I can enable this for DCP in a separate PR.

  1. Prefetching the weights while completing the on-the-fly generation requests.

This actually comes automatically once you have separate processes fetching the weights to shared memory.
I can add a flag that waits until all generation completes and then fetch the weights, but why would someone want to do that in the first place?

Also maybe add comment somewhere saying the following is up-for-discussion

  1. TorchStore RDMA GPU-GPU.
  2. Multi-node vLLM

Will do

I also don't quite get the "before" and "after" table.

Ah maybe it's confusing because I am trying to do two things at once. Basically the speed up comes from 1. multiprocess shared memory (this saves 30 seconds) & 2. prefetch while completing on-the-fly generation (this saves about 10 seconds on average)

@JenniferWang
Copy link
Contributor

This actually comes automatically once you have separate processes fetching the weights to shared memory.
I can add a flag that waits until all generation completes and then fetch the weights, but why would someone want to do that in the first place?

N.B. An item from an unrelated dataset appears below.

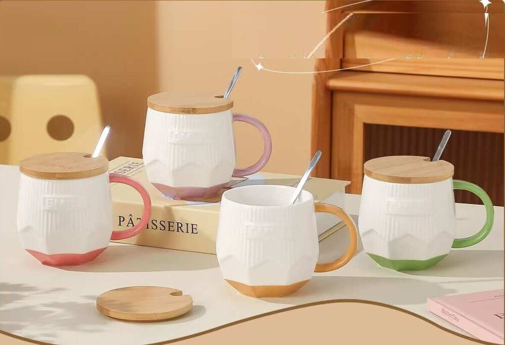 Кружка с крышкой и ложкой, L8,2 W8,2 H9 см, цвет микс

Ahha, yes, I got it now. Okay, so the boolean guard is not "use prefetch or not" -- is should be "use shared memory or not". I think you should try profiling on proc = 8 / replica for policy.

@casteryh
Copy link
Contributor Author

Ahha, yes, I got it now. Okay, so the boolean guard is not "use prefetch or not" -- is should be "use shared memory or not". I think you should try profiling on proc = 8 / replica for policy.

@JenniferWang
for tp=8 on policy
almost the same except loading from shared memory to gpu is now faster (because each worker has a smaller shard)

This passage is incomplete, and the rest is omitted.